Updating proxy embeddings: 100%|██████████| 145/145 [00:09<00:00, 15.76batch/s]


# Criterion

In [10]:
# define criterion
class SkillCriterion(nn.Module):
    def __init__(self, fp_penalty=0.0, temperature=1.0):
        super().__init__()
        self.fp_penalty = fp_penalty
        self.temperature = temperature

    # calculate loss for is_skill (with false positives penalty) and skill_id (with temperature)
    def forward(self, is_skill_logits, is_skill_labels, skill_id_logits, skill_id_labels):
        is_skill_loss = F.binary_cross_entropy_with_logits(is_skill_logits.float(),
                                                           is_skill_labels.float(),
                                                           reduction='none')
        is_skill_loss *= 1 + ((is_skill_logits > 0.0) & (~is_skill_labels.bool())).float() * self.fp_penalty
        is_skill_loss = is_skill_loss.mean()
        if (skill_id_labels > -1).sum() > 0:
            skill_id_loss = F.cross_entropy(skill_id_logits / self.temperature, skill_id_labels, ignore_index=-1)
        else:
            skill_id_loss = torch.tensor(0.0, device=is_skill_logits.device)
        return is_skill_loss + skill_id_loss, {'is_skill_loss': is_skill_loss.item(), 'skill_id_loss': skill_id_loss.item()}

# init criterion
criterion = SkillCriterion(fp_penalty=C.FP_PENALTY, temperature=C.TEMP_INITIAL).to(C.DEVICE)

# Metrics

In [11]:
# define metrics
class SkillMetrics(nn.Module):
    def __init__(self, cap_temp=1.0):
        super().__init__()
        self.cap_temp = cap_temp

    # calculate metrics
    def forward(self, is_skill_logits, is_skill_labels, skill_id_logits, skill_id_labels, sentences):
        with torch.no_grad():

            # group entries by unique sentences
            sentence_to_indices = {}
            for i, sid in enumerate(sentences.tolist()):
                sentence_to_indices.setdefault(sid, []).append(i)

            # mask out duplicate skill sentences from is_skill
            mask = [idxs[0] for idxs in sentence_to_indices.values()]
            is_skill_logits = is_skill_logits[mask]
            is_skill_labels = is_skill_labels[mask]

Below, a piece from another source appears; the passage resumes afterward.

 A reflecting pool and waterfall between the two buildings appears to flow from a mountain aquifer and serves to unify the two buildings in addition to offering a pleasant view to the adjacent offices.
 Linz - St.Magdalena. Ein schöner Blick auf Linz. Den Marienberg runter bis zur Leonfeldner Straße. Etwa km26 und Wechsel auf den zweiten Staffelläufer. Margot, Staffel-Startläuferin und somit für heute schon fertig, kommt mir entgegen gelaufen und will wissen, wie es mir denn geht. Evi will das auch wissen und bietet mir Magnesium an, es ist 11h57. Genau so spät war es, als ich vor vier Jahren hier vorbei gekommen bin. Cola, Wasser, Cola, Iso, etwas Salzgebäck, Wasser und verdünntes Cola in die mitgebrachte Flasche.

            # calculate is_skill precision and recall
            tp = ((is_skill_logits > 0.0) & is_skill_labels).sum().item()
            fp = ((is_skill_logits > 0.0) & ~is_skill_labels).sum().item()
            fn = ((is_skill_logits <= 0.0) & is_skill_labels).sum().item()
            is_skill_precision = tp / (tp + fp) if (tp + fp) > 0 else 0.0
            is_skill_recall = tp / (tp + fn) if (tp + fn) > 0 else 0.0

            # initialize skill_id metrics
            mrr_sum, rp5_sum, cap_sum, count = 0.0, 0.0, 0.0, 0

            # softmax probabilities and ranking
            probs = F.softmax(skill_id_logits / self.cap_temp, dim=1)
            ranks = torch.argsort(skill_id_logits, dim=1, descending=True)

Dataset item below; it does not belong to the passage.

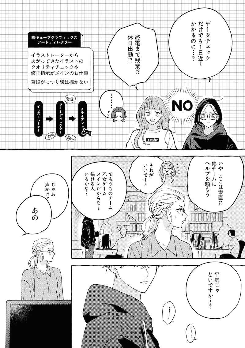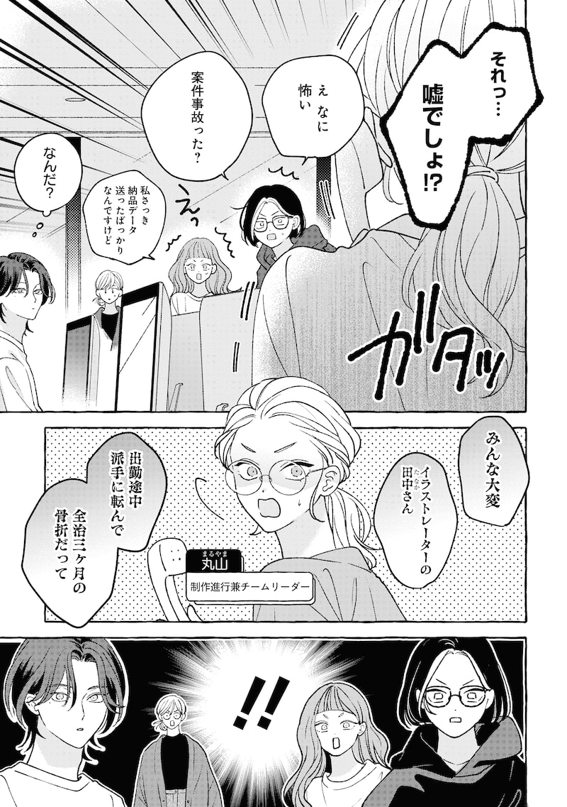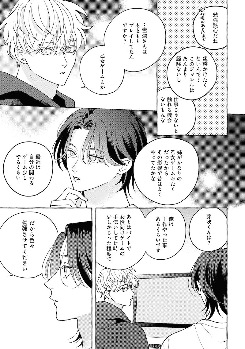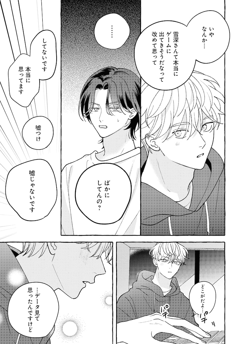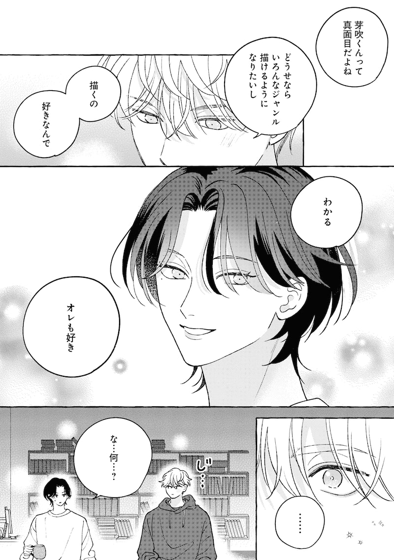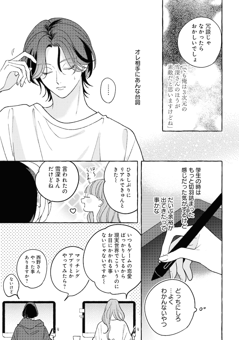 ゲーム制作会社でアートディレクターとして働く白浜雪深(しらはまゆきみ)。怪我により主要イラストレーターが休職してしまい、彼のチームに後輩の芽吹(めぶき)が助っ人として加わることになった。「雪深さんと一緒に仕事ができてうれしい」「2次元のキャラクターより3次元の雪深さんのほうが素敵」など、読めない表情でドキッとする言葉を口にしてくる芽吹。冗談だと思っていた雪深だが、どうやら芽吹は本気のようで……。

            # process metrics per unique sentence
            for sid, indices in sentence_to_indices.items():

                # collect skill labels for this sentence
                sentence_labels = {skill_id_labels[i].item() for i in indices if skill_id_labels[i] > -1}

                # check for any labels or skip
                if len(sentence_labels) == 0:
                    continue

                # CAP calculation (Correct Assigned Probability)
                sentence_cap = probs[indices[0], list(sentence_labels)].sum().item()
                cap_sum += sentence_cap

                # MRR calculation (use only max ranking):
                sentence_mrr = 0.0
                for pos, pred in enumerate(ranks[indices[0]].tolist(), start=1):
                    if pred in sentence_labels:
                        sentence_mrr = 1.0 / pos
                        break
                mrr_sum += sentence_mrr

                # RP@5 calculation
                top_5_preds = set(ranks[indices[0], :5].tolist())
                top_k_correct = len(sentence_labels & top_5_preds)
                rp5_sum += top_k_correct / min(5, len(sentence_labels))

                count += 1

            # finalize metrics
            if count > 0:
                skill_id_cap = cap_sum / count
                skill_id_rp5 = rp5_sum / count
                skill_id_mrr = mrr_sum / count
            else:
                skill_id_cap, skill_id_rp5, skill_id_mrr = None, None, None

        return {
            'is_skill_pre': is_skill_precision,
            'is_skill_rec': is_skill_recall,
            'skill_id_cap': skill_id_cap,
            'skill_id_rp5': skill_id_rp5,
            'skill_id_mrr': skill_id_mrr
        }

# init metrics
metrics = SkillMetrics(cap_temp=C.CAP_TEMP).to(C.DEVICE)

# Optimizer

In [12]:
# set n last layers trainable
for idx, layer in enumerate(base_model.encoder.layer):
    for param in layer.parameters():
        param.requires_grad = idx >= len(base_model.encoder.layer) - C.N_LAYERS

# calculate layers to optimize learning for
n_layers = C.N_LAYERS - len(base_model.encoder.layer)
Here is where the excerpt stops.